Étrangement ou diplomatie oblige, aucun ministre n’a remis en question l’entreprise de green washing du gouvernement brésilien, qui dit aujourd’hui vouloir agir pour la protection de l’Amazonie, alors que son bilan en matière environnementale parle contre lui.

COVID, guerre et marché du travail

La réunion ministérielle de l’OCDE a aussi été l’occasion d’adopter une résolution sur le fonctionnement du marché du travail, qui fait face à de nombreux défis causés par la crise de la COVID-19 et la guerre d’agression que la Russie mène contre l’Ukraine.

La déclaration adoptée par l’OCDE précise que leur objectif est « de rebâtir dans nos pays un marché du travail inclusif, capable d’offrir à tous des emplois plus durables, gratifiants et de bonne qualité ».

La ministre représentant les États-Unis est intervenue à plusieurs reprises sur l’importance pour les pays de l’OCDE d’implanter des réglementations favorables à la syndicalisation et à la négociation collective.
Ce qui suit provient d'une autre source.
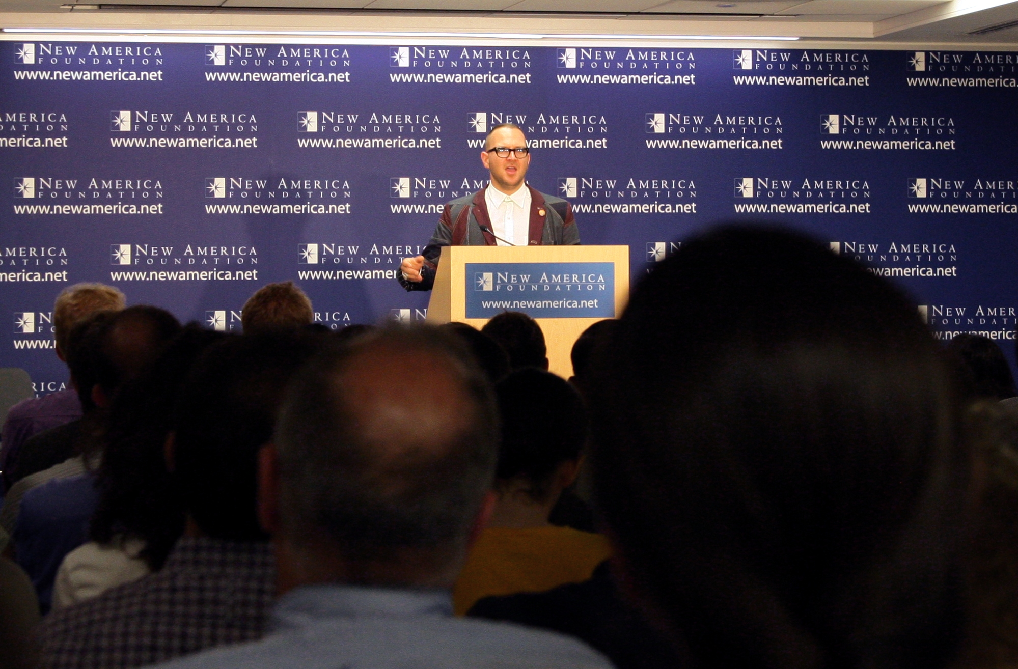 Cory Doctorow giving a talk at the New America Foundation, Washington, DC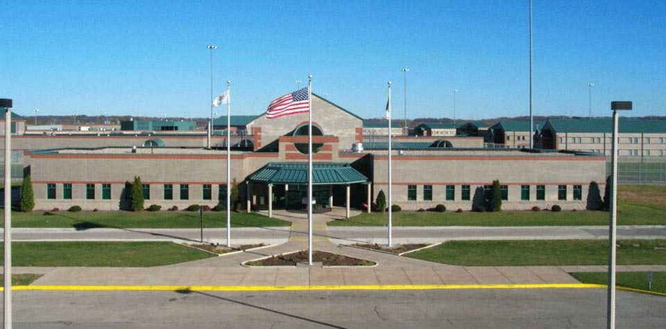 Federal Correctional Institution, Pekin, Tazewell County, Illinois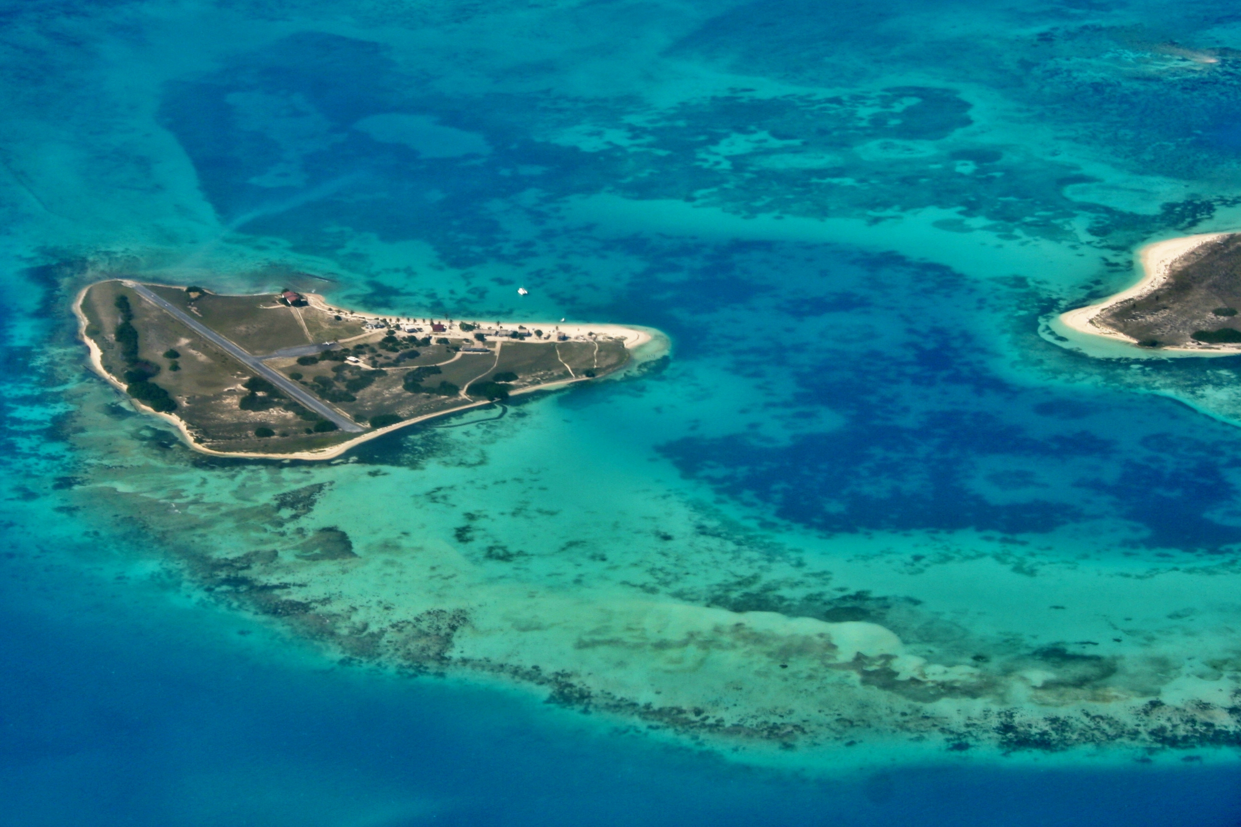 The island of Dos Mosquises Sur, in the Los Roques archipelago, Venezuela. The island harbors the Los Roques Scientific Foundation research center, founded in 1963.

Elle a cité la décision prise par l’administration Biden visant à permettre aux personnes exclues de rejoindre le marché du travail. Elle a aussi salué les efforts faits par le syndicat AFL-CIO qui tente de syndiquer les travailleurs indépendants et ceux des secteurs informels. Elle répondait alors à une attaque de la ministre des Pays-Bas qui disait que les syndicats ne défendaient que les travailleurs âgés et blancs.

Le ministre représentant l’Italie a insisté sur la nécessaire augmentation des salaires pour couvrir l’inflation, notamment par une hausse du salaire minimum. « La crise en Ukraine ne doit pas être une excuse pour ralentir nos efforts sur la question de la lutte aux changements climatiques », a-t-il ajouté.

Enfin, les ministres ont adopté des Recommandations sur l’amélioration des perspectives offertes aux jeunes, les dix principes mondiaux pour lutter contre la délinquance fiscale, l’économie sociale et solidaire et l’innovation sociale, les qualités de l’investissement direct étranger au service du développement durable.

De belles paroles ! Reste à savoir si elles se traduiront par des gestes concrets.